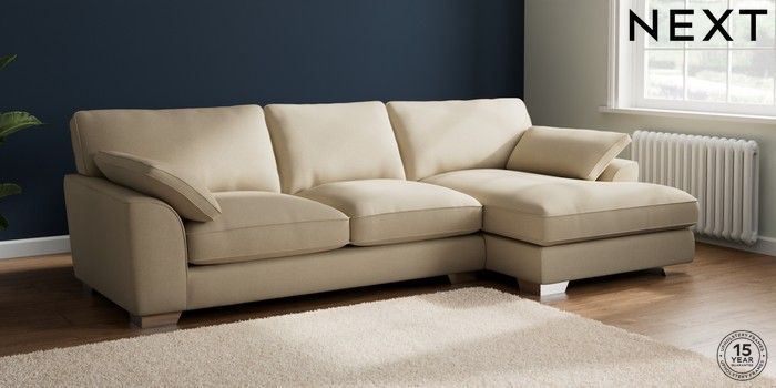 7.3.1 Buy Stamford Grand Relaxed Sit Large Sofa Chaise - Right Hand Natural Mix Light Natural Large Square Angle - Chrome Metal from the Seasons online shop Click here to use our website with more accessibility support, for example screen readers
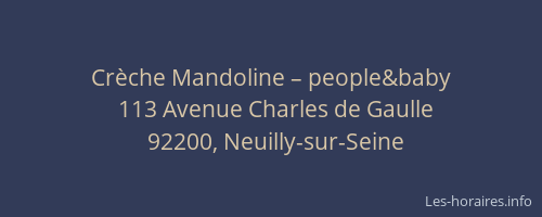 Voici les horaires de Crèche Mandoline – people&baby situé à Neuilly-sur-Seine,
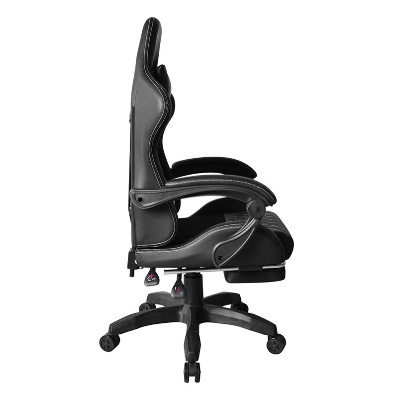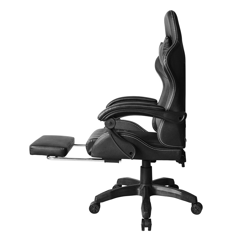 | Materiais | PVC Apoio de braço ajustável em PP Mecanismo reclinável Elevador a gás classe 3 de 100 mm Base de náilon de 320mm Rodízios de cor PU de 50 mm Com travesseiro de pescoço e travesseiro de cintura Caixa: 250 libras Com apoio para os pés Com luz RGB |
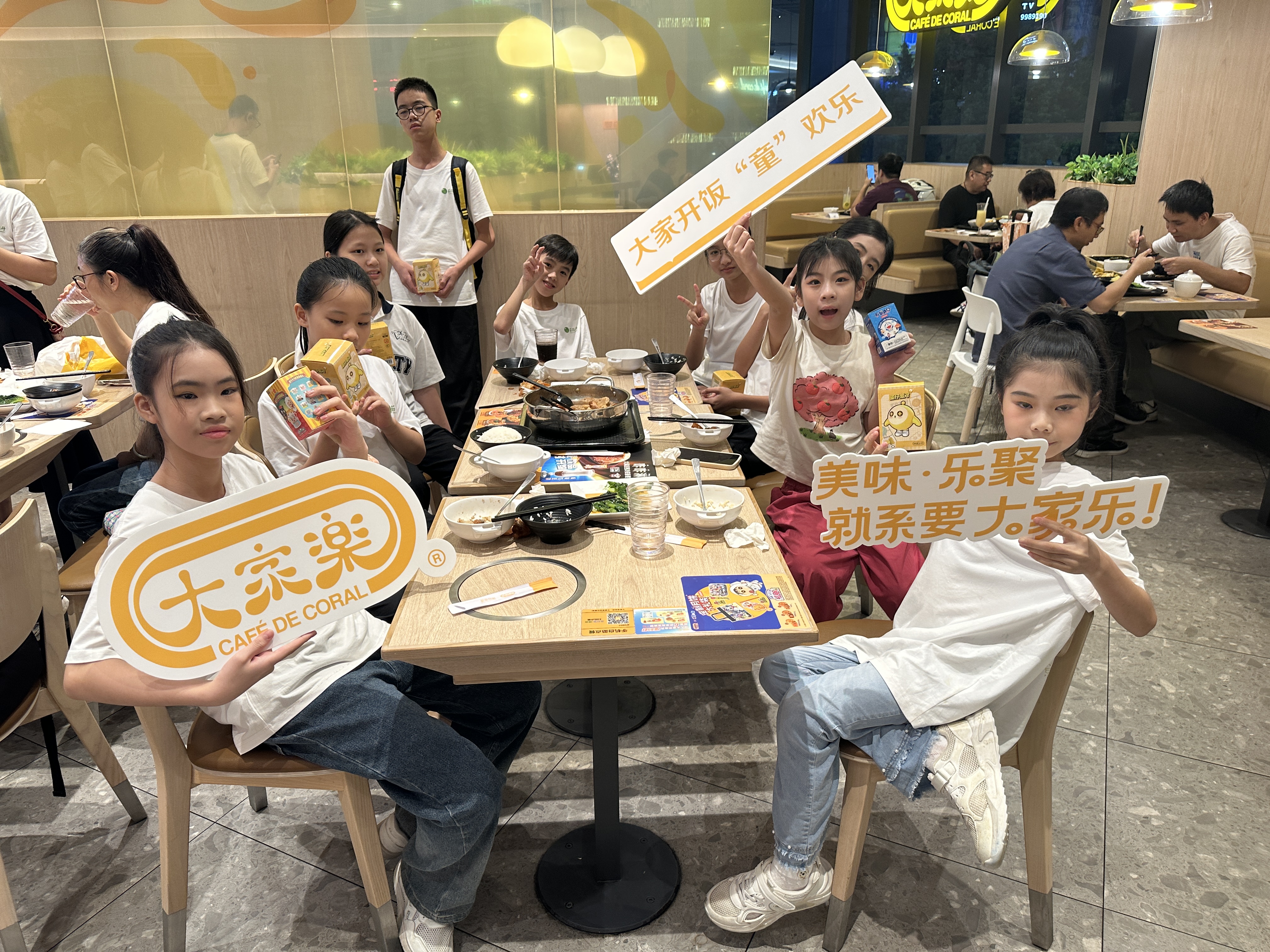 8月23日晚,在大家乐广州合生广场店内,数十名来自广东省内多个县市的师生欢聚一堂。他们刚刚参加了第五届乡村儿童美育成果展“歌声起 苔花开”乡村儿童音乐汇,依然沉浸在兴奋的情绪中,一边享用着热气腾腾的大家乐盆菜,一边分享着这几日参加活动的点点滴滴,店内洋溢着欢声笑语。
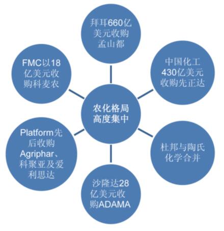 相比之下,肥料领域的并购规模不是很大,但是也在有序推进中。2016年,全球最大钾肥生产商PotashCorp 与其竞争对手化肥巨头Agrium Inc宣布合并,合并后的价值达 360 亿美元。2015 年,CF 工业公司以 80 亿美金的价格收购北美和欧洲OCI以建立世界上最大的氮肥公司。
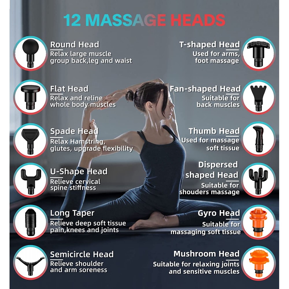 Pistola de masaje de percusión de tejido profundo, eléctrico, portátil súper silencioso,Y12 Pro.
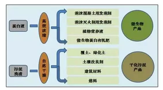 污泥經(jīng)水解處理后,其含蛋白液體經(jīng)濃縮后可作為蛋白發(fā)泡劑和有機(jī)肥等利用,污泥殘?jiān)捎米龈餐痢⒕G化土、土壤改良劑和建筑材料等。
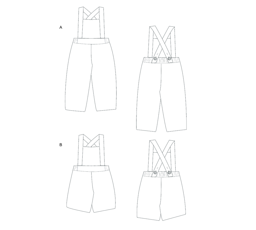 With the MAX sewing pattern you can make cute and comfortable overalls for babies and kids. MAX includes two versions—long and short—so it works for any season depending on your fabric choice. The adjustable straps with buttonholes help MAX grow with your child.
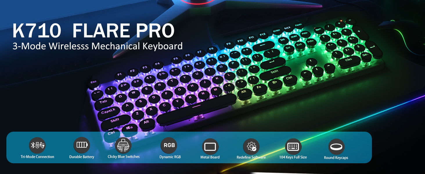 &- Upgraded FLAM PRO versione eadem materia metallica solida utens servat. claviaturae constantem et elegantem in scrinio habe, ob experientiam typing premium. Clavis claviaturae K710 technologiae 104-clavis anti-surantis technologiae, plures claves simul sine conflictu urgeri permittit.
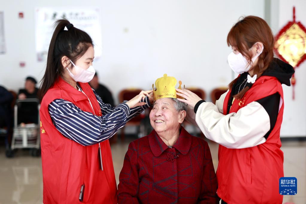 3月3日,河北省唐山市豐南區青年志愿者為豐南區??叼B護中心的老人過(guò)集體生日。
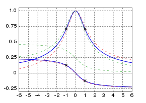 "Curva de resonancia universal", es una aproximación simétrica a la respuesta normalizada de un circuito resonante; La abscisa son desviaciones de la frecuencia central, en unidades de frecuencia central divididas por 2Q; ordenada es la amplitud relativa, y la fase en ciclos; las curvas discontinuas comparan el rango de respuestas de circuitos bipolares para un valor Q de 5; para Q más altos, hay menos desviación de la curva universal. las cruces marcan los bordes del ancho de banda de 3 dB(ganancia 0.707, cambio de fase 45° o 0.125 ciclo).
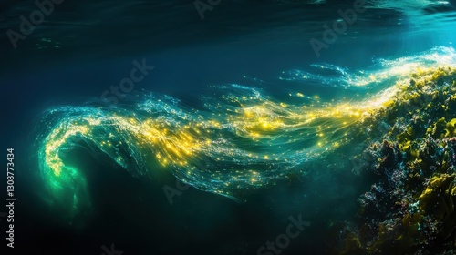 © Ariestia, Fototapeta premium Underwater Glowing Light Stream Flows Near Coral Formation
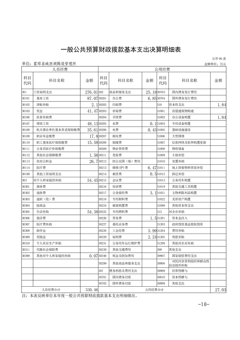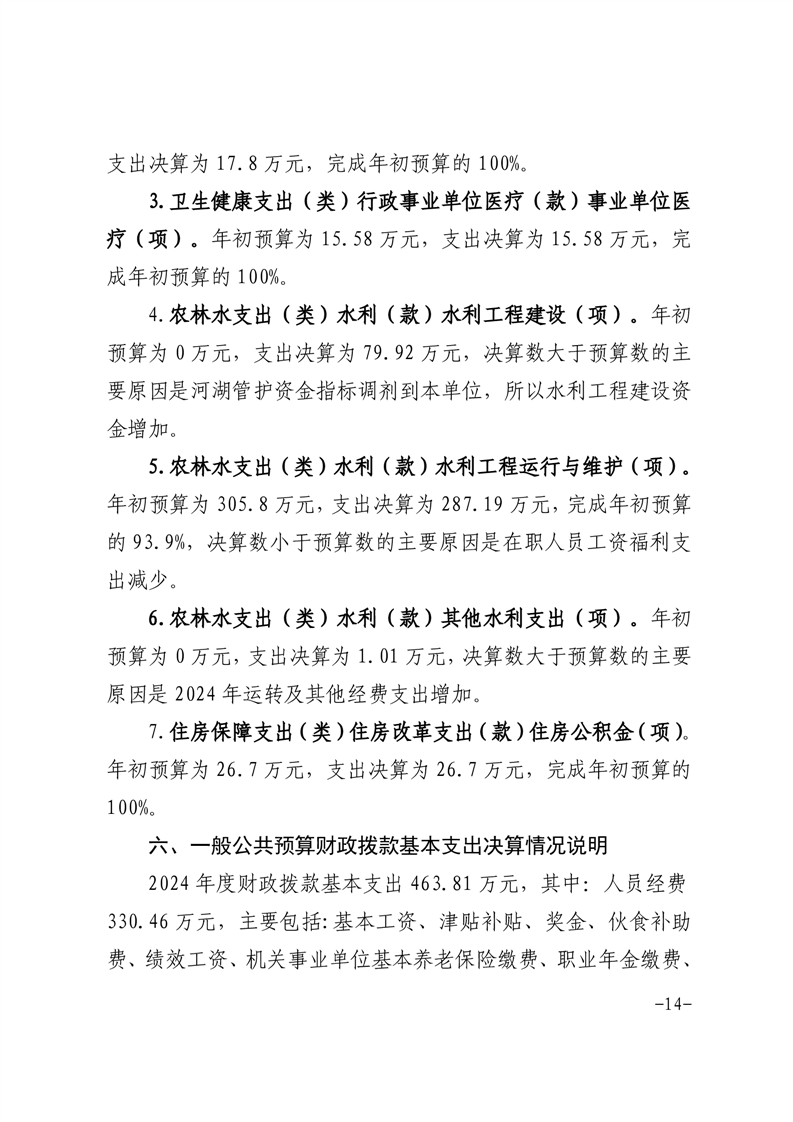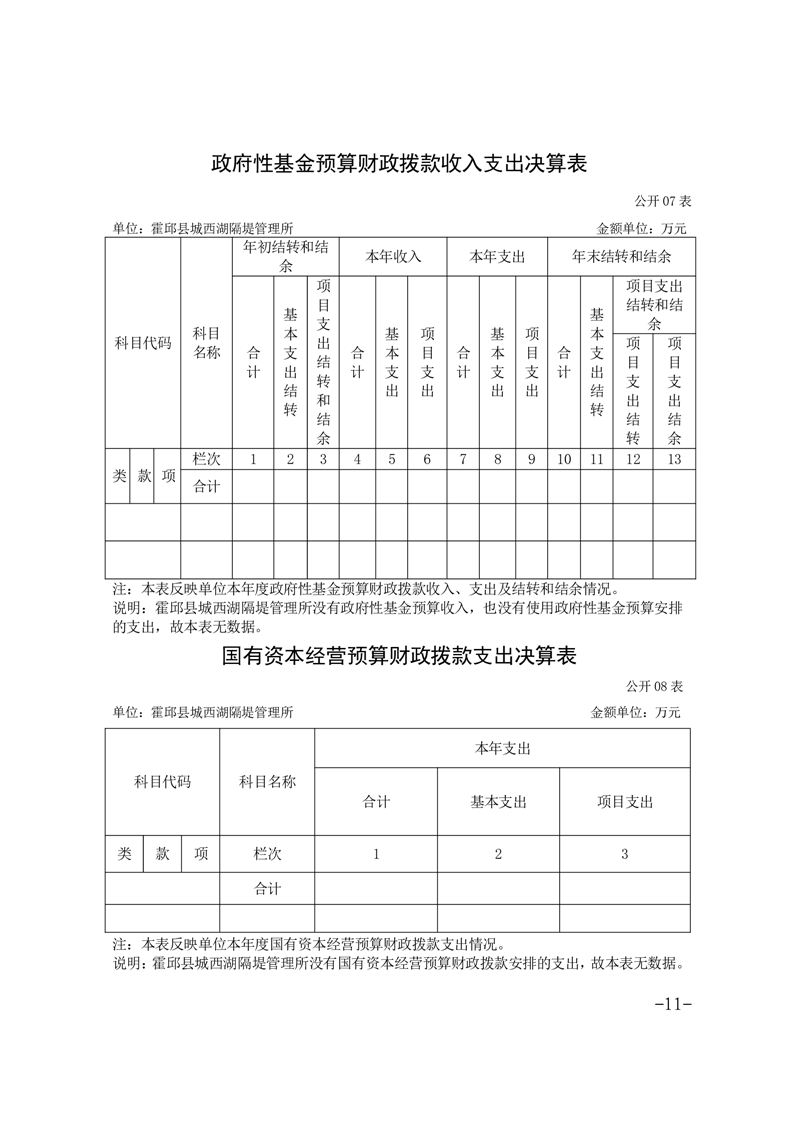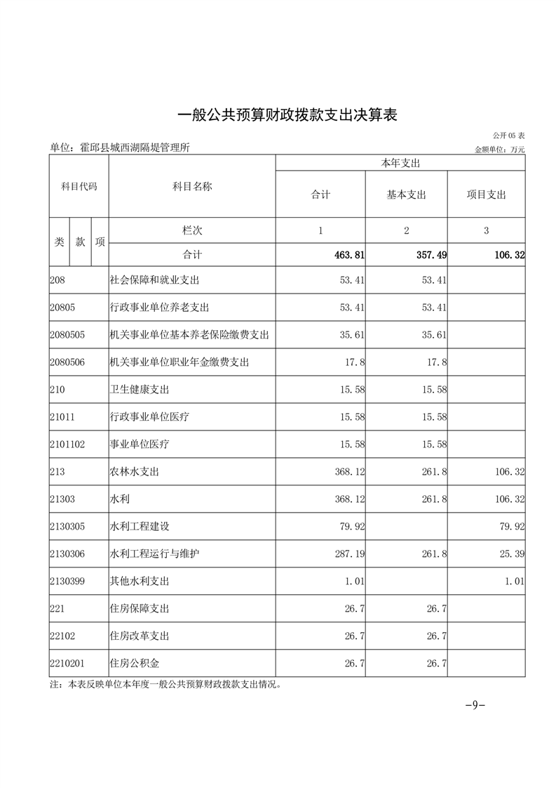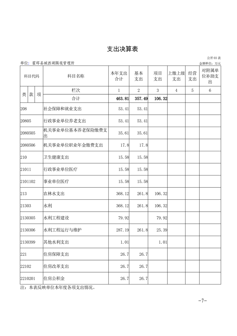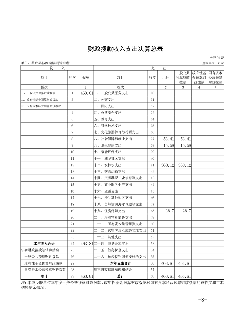 霍邱县城西湖隔堤管理所2024年度单位决算

------------------------------

▸ Exercise description
Repeat every entry exactly. Do not include the pictures.

▸ Expected answer
 7.3.1 Buy Stamford Grand Relaxed Sit Large Sofa Chaise - Right Hand Natural Mix Light Natural Large Square Angle - Chrome Metal from the Seasons online shop Click here to use our website with more accessibility support, for example screen readers
 Voici les horaires de Crèche Mandoline – people&baby situé à Neuilly-sur-Seine,
 | Materiais | PVC Apoio de braço ajustável em PP Mecanismo reclinável Elevador a gás classe 3 de 100 mm Base de náilon de 320mm Rodízios de cor PU de 50 mm Com travesseiro de pescoço e travesseiro de cintura Caixa: 250 libras Com apoio para os pés Com luz RGB |
 8月23日晚,在大家乐广州合生广场店内,数十名来自广东省内多个县市的师生欢聚一堂。他们刚刚参加了第五届乡村儿童美育成果展“歌声起 苔花开”乡村儿童音乐汇,依然沉浸在兴奋的情绪中,一边享用着热气腾腾的大家乐盆菜,一边分享着这几日参加活动的点点滴滴,店内洋溢着欢声笑语。
 相比之下,肥料领域的并购规模不是很大,但是也在有序推进中。2016年,全球最大钾肥生产商PotashCorp 与其竞争对手化肥巨头Agrium Inc宣布合并,合并后的价值达 360 亿美元。2015 年,CF 工业公司以 80 亿美金的价格收购北美和欧洲OCI以建立世界上最大的氮肥公司。
 Pistola de masaje de percusión de tejido profundo, eléctrico, portátil súper silencioso,Y12 Pro.
 污泥經(jīng)水解處理后,其含蛋白液體經(jīng)濃縮后可作為蛋白發(fā)泡劑和有機(jī)肥等利用,污泥殘?jiān)捎米龈餐痢⒕G化土、土壤改良劑和建筑材料等。
 With the MAX sewing pattern you can make cute and comfortable overalls for babies and kids. MAX includes two versions—long and short—so it works for any season depending on your fabric choice. The adjustable straps with buttonholes help MAX grow with your child.
 &- Upgraded FLAM PRO versione eadem materia metallica solida utens servat. claviaturae constantem et elegantem in scrinio habe, ob experientiam typing premium. Clavis claviaturae K710 technologiae 104-clavis anti-surantis technologiae, plures claves simul sine conflictu urgeri permittit.
 3月3日,河北省唐山市豐南區青年志愿者為豐南區??叼B護中心的老人過(guò)集體生日。
 "Curva de resonancia universal", es una aproximación simétrica a la respuesta normalizada de un circuito resonante; La abscisa son desviaciones de la frecuencia central, en unidades de frecuencia central divididas por 2Q; ordenada es la amplitud relativa, y la fase en ciclos; las curvas discontinuas comparan el rango de respuestas de circuitos bipolares para un valor Q de 5; para Q más altos, hay menos desviación de la curva universal. las cruces marcan los bordes del ancho de banda de 3 dB(ganancia 0.707, cambio de fase 45° o 0.125 ciclo).
 © Ariestia, Fototapeta premium Underwater Glowing Light Stream Flows Near Coral Formation
 霍邱县城西湖隔堤管理所2024年度单位决算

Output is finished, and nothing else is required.